**Exercise brief**. Extract, in full, the lines below, beginning at the first and ending with the line that contains "Battery Operated Picture". Pictures do not belong in the copy.

**Provided material**.
#####
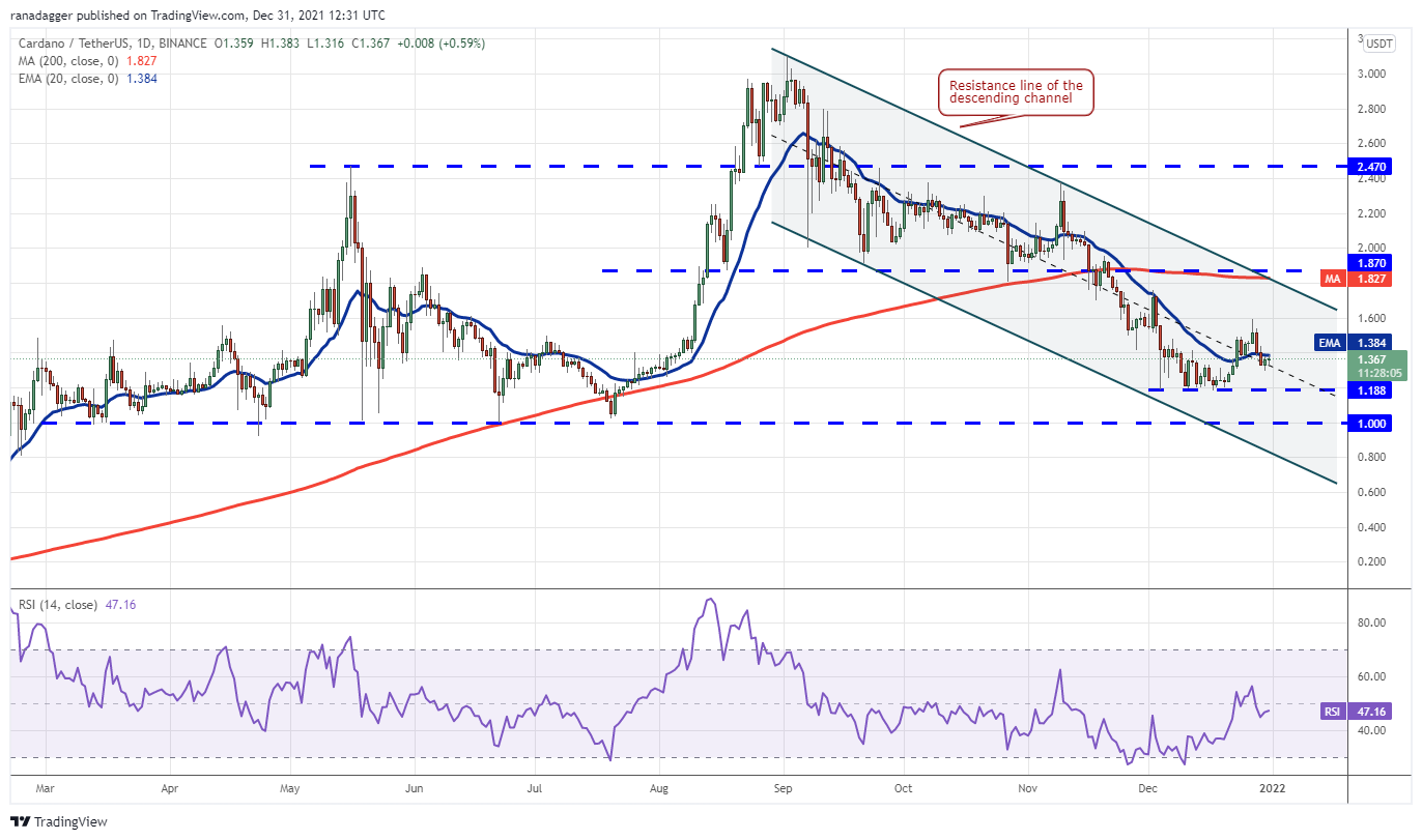 Cardano (ADA) broke and closed below the 20-day EMA ($1.38) on Dec. 29 but the buyers have not yet given up. They are attempting to push the price back above the 20-day EMA.
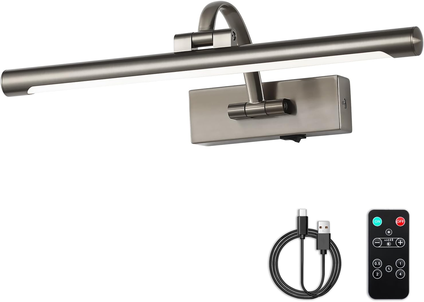 Battery Operated Picture Lights for Wall, Wireless Painting Lights Dimmable Artwork Lighting with Remote and Timer, Rechargeable Art Lights for Paintings-Brushed Grey 16'' inch Warm White
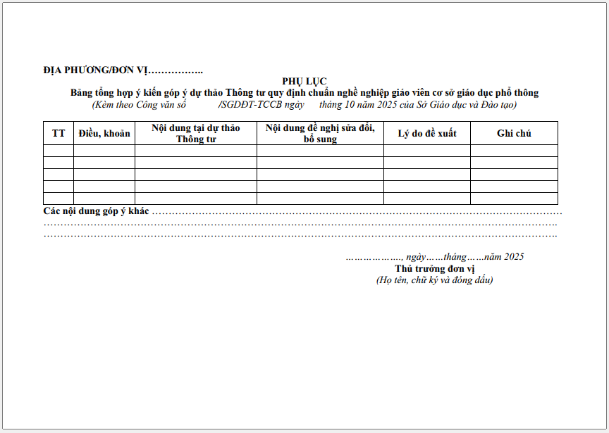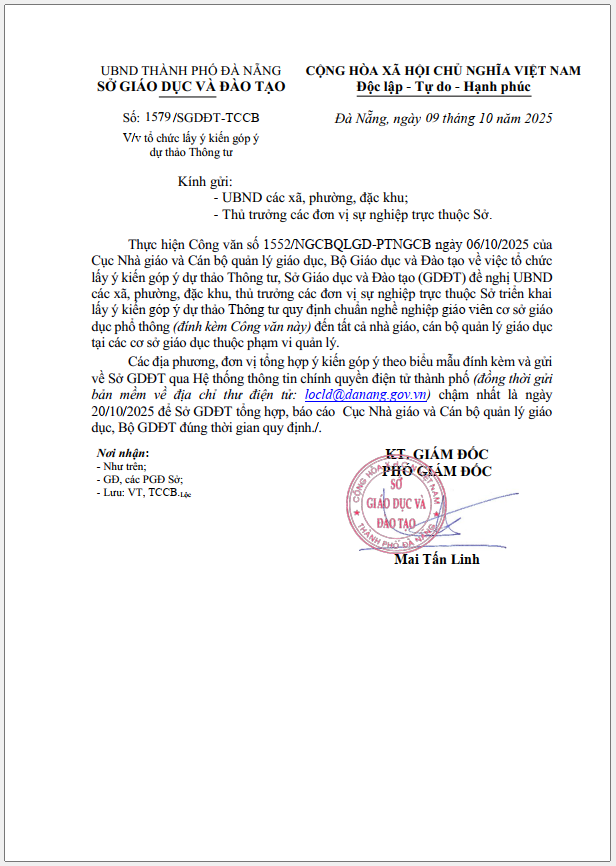 Thực hiện Công văn số 1552/NGCBQLGD-PTNGCB ngày 06/10/2025 của Cục Nhà giáo và Cán bộ quản lý giáo dục, Bộ Giáo dục và Đào tạo về việc tổ chức lấy ý kiến góp ý dự thảo Thông tư, Sở Giáo dục và Đào tạo (GDĐT) đề nghị UBND các xã, phường, đặc khu, thủ trưởng các đơn vị sự nghiệp trực thuộc Sở triển khai lấy ý kiến góp ý dự thảo Thông tư quy định chuẩn nghề nghiệp giáo viên cơ sở giáo dục phổ thông (đính kèm Công văn này) đến tất cả nhà giáo, cán bộ quản lý giáo dục tại các cơ sở giáo dục thuộc phạm vi quản lý.
#####
**Output for this exercise**.
 Cardano (ADA) broke and closed below the 20-day EMA ($1.38) on Dec. 29 but the buyers have not yet given up. They are attempting to push the price back above the 20-day EMA.
 Battery Operated Picture Lights for Wall, Wireless Painting Lights Dimmable Artwork Lighting with Remote and Timer, Rechargeable Art Lights for Paintings-Brushed Grey 16'' inch Warm White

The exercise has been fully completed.